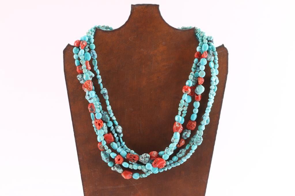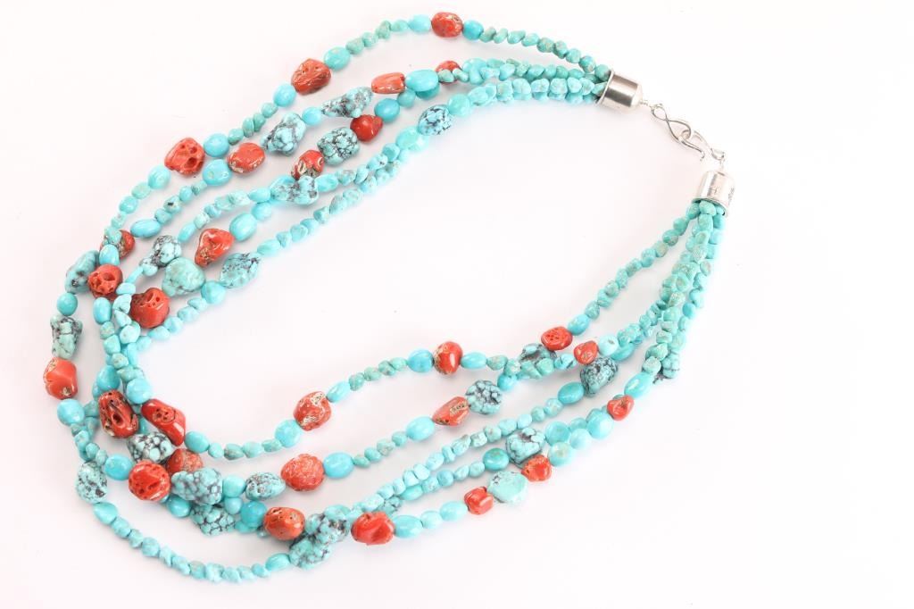 With sterling silver clasp, maker marked. Measures 20" from drop.
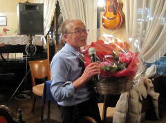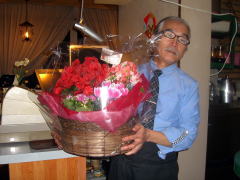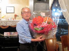 | 出演者みんなから、お祝いと感謝のお花。お花好きのマスターへと、切り花でなく「鉢植え」を。これからしばらくは、このお花も楽しみに来店です。 | |||||||||||||||||||||||
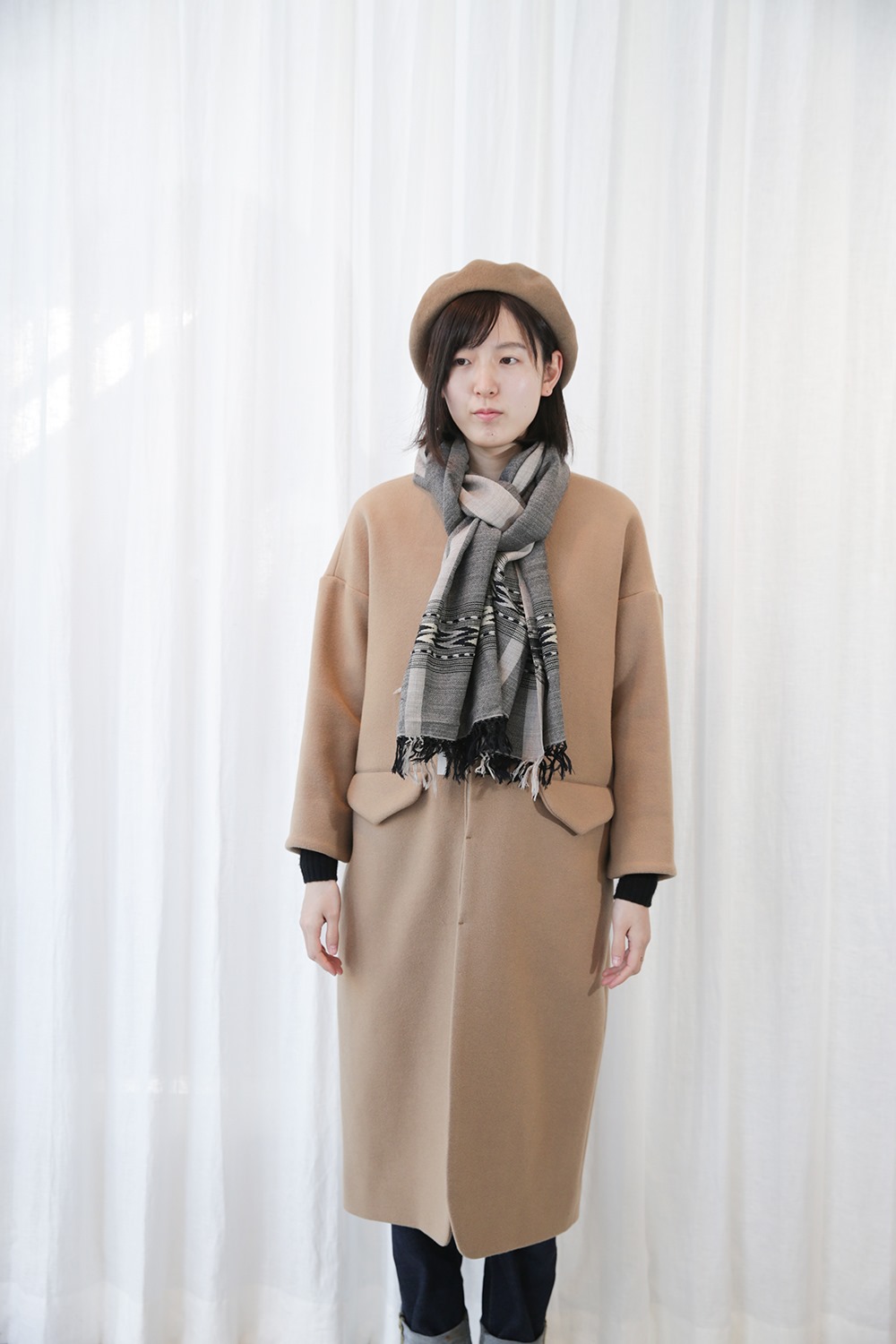 「NO CONTROL AIR|ノーコントロールエアー」 ベビーラムウールダブルクロスノーカラーコートを着て。
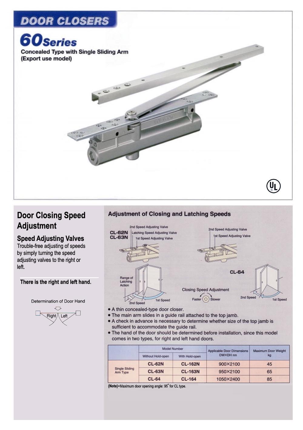 60 series โช๊คอัพประตูบานเปิด แบบซ่อนในบาน สำหรับประตูขนาดต่างๆ
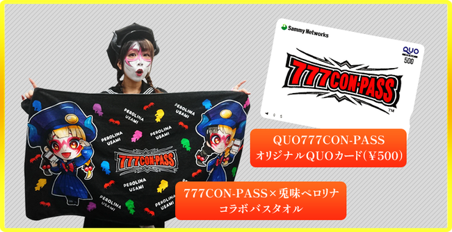 毎週6つのキャンペーンで『777CON-PASS×兎味ペロリナコラボバスタオル』、『777CON-PASSオリジナルQUOカード(¥500)』がそれぞれ複数名様に当たります。

+ + + + +

Pictures do not belong in your copy; restate word for word the lines from the one containing "60 series โช๊คอัพประตูบานเปิด" through the last line of the records above.

 60 series โช๊คอัพประตูบานเปิด แบบซ่อนในบาน สำหรับประตูขนาดต่างๆ
 毎週6つのキャンペーンで『777CON-PASS×兎味ペロリナコラボバスタオル』、『777CON-PASSオリジナルQUOカード(¥500)』がそれぞれ複数名様に当たります。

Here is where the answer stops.